Para Lucas, então, o chamado ao discipulado é fundamentalmente um convite para as pessoas se alinharem com Jesus e, portanto, com Deus. Isso significa que, para ser membro do povo de Deus, o enfoque é removido das questões de status herdado e um prêmio é colocado sobre as pessoas cujos comportamentos manifestam seu abraço absoluto do Deus da graça. "Filhos de Abraão" genuínos são aqueles que incorporam em suas vidas a beneficência de Deus e que expressam misericórdia de mãos abertas aos outros, especialmente aos necessitados. Assim, Jesus exorta as pessoas a viverem como ele vive, em contraposição à forma egoística e competitiva de vida marcada por noções convencionais de honra e status típicas do mundo romano mais amplo. Comportamentos que crescem fora de serviço no reino de Deus tomam um rumo diferente: ame seus inimigos. Faça bem para aqueles que te odeiam. Estenda a hospitalidade àqueles que não podem retribuir. Dê sem expectativa de retorno. Tais práticas só são possíveis para aqueles cujas disposições, cujas convicções e compromissos, foram remodeladas pelo encontro transformador com a bondade de Deus. No Terceiro Evangelho, o principal concorrente para esse foco é o Dinheiro – não tanto dinheiro em si, mas a regra do Dinheiro, manifesta na busca por louvor social e, portanto, em formas de vida destinadas a manter aqueles com poder e privilégio segregados dos de baixo status, dos menores, dos perdidos e dos excluídos.

Os discípulos de Jesus não são inteiramente bem sucedidos em incorporar fidelidade desta natureza e magnitude. Isso torna ainda mais impressionante o testemunho de Lucas sobre os outros, quase sem ninguém na narrativa, que manifesta uma percepção inesperada do propósito de Deus e responde à mensagem de Jesus de maneiras exemplares: uma mulher pecadora da cidade (7:36-50), um rico cobrador de imposto (19: 1-10), um criminoso crucificado (23: 39-43), para mencionar três. Por sua parte, os discípulos acham que “seguir Jesus” é principalmente sobre estar “com” Jesus – aprendendo com Ele, tornando-se socializado novamente de acordo com a nova ordem mundial que Seu ministério serve, propaga e antecipa – tudo em preparação para seus papeis como testemunhas nos Atos dos Apóstolos.

Se os discípulos lutam para abraçar a fidelidade como isso é definido e modelado por Jesus, outros defendem o contrário.

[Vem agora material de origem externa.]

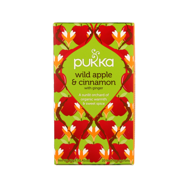 Kaneelbast (28%), zoethoutwortel, gemberwortel (14%), sinaasappelschil, kamillebloem, wilde appel (6%), kardemompeul, sinaasappel essentiële olie aroma, kruidnagel. 100% gecertificeerd biologisch

Aqueles hostis a Jesus calculam a agenda divina de acordo com linhas bem diferentes e veem Seu ministério como uma ameaça às suas próprias posições de liderança e às instituições que perpetuam a atual ordem das coisas. Em resumo, eles veem Jesus como se opondo ao próprio Deus (isto é, Deus como eles entendem que Deus seja), e assim alguém a ser resistido a todo custo. O próprio diabo se opõe ao objetivo divino e, da perspectiva de Lucas, os objetivos do diabo são servidos tanto por forças diabólicas que oprimem as pessoas como por outros, incluindo a liderança judaica em Jerusalém, que se opõe a Deus. O rio da hostilidade se amplia cada vez mais, finalmente transbordando suas margens à paixão de Jesus, resultando em sua rejeição final, crucificação e morte.

Por toda parte, a narrativa de Lucas concentra a atenção em um tema penetrante e coordenador: a salvação. A salvação não é nem etérea nem meramente futura, mas abraça a vida no presente, restaurando a integridade da vida humana, revitalizando as comunidades humanas, colocando o cosmos em ordem, e encarregando a comunidade do povo de Deus de colocar a graça de Deus em prática entre si e para sempre círculos de ampliação de outros. O Terceiro Evangelista não sabe nada de tais dicotomias como aquelas às vezes desenhadas entre sociais e espirituais ou individuais e comunais. A salvação abrange a totalidade da vida encarnada, incluindo suas preocupações sociais, econômicas e políticas. Para Lucas, o Deus de Israel é o Grande Benfeitor cujo propósito redentor se manifesta na carreira de Jesus, cuja mensagem é que esse benefício capacita e inspira novas maneiras de viver no mundo.

GREEN, Joel B. (1997). The Gospel of Luke. p.21–25. Grand Rapids, MI: Wm. B. Eerdmans Publishing Co.
 


Cristão Protestante, Servo de Cristo,Missionário e estudante de Teologia. Estudou Curso Bíblico e Teológico no CEIBEL, Teologia Pastoral e Missiologia pelo Seminário Teológico Nacional, Bacharel em Teologia pela Universidade da Bíblia, e Teologia Reformada na FATERGE - Faculdade de Teologia Reformada de Genebra.